Once there is data in the master database, an inverted index database is created to support the iVia search functions.

The iVia inverted index is a Berkeley DB database that associates every word (and many of the phrases) that appear in the collection with a list of the records, offsets, and fields in which they occur. The canned_search program uses these indexes to perform searches.

Warning: Berkely DB is sometimes unstable under very high loads. If you have trouble with these databases, consider disabling incremental inverted index updates.

The Inverted Index Files

The inverted index databases are stored in the inverted_indexes_dir directory identified in the main iVia.conf file. The inverted indexes will comprise a set of Berkeley DB database files (whose filenames end in ".db") and three other files used internally by Berkeley DB for file locking, shared memory management, and similar functions.

To regenerate the inverted index files, run the create_inverted_indexes.sh script. Usually this will be done as part of the regular nightly tasks.
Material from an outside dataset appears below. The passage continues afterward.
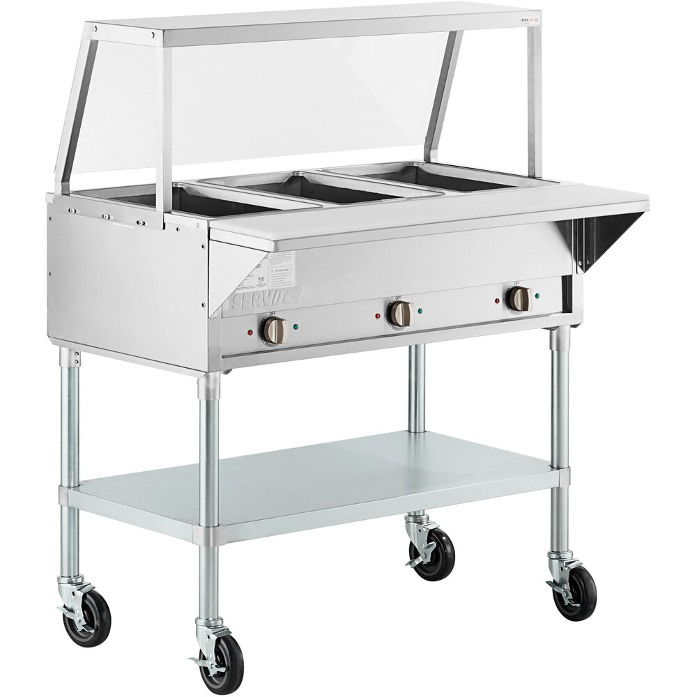 Keep all of your menu items piping hot and readily available with this ServIt three pan open well electric steam table with angled sneeze guard and casters!

The database files should always have the user set correctly for your installation, and be readable and writable. They are read by the every time a patron performs a canned search, and whenever you run the word_level_data_dumper command or one of the commands used by create_inverted_indexes.sh. Whenever the databases are accessed, the program also needs to be able to WRITE to the lock files. (Note: This causes problems if your apache installation has a special user like www-data and the lock files are deleted because they may be recreated by the www-data user without the necessary read and write permissions. Normally, you will need to fix this manually as root.)

Debugging the Inverted Index Database

If the files become corrupt (searches stop working) fix them as described in the chapter on Troubleshooting).

You can check what iVia data is in a database with the word_level_data_dumper program.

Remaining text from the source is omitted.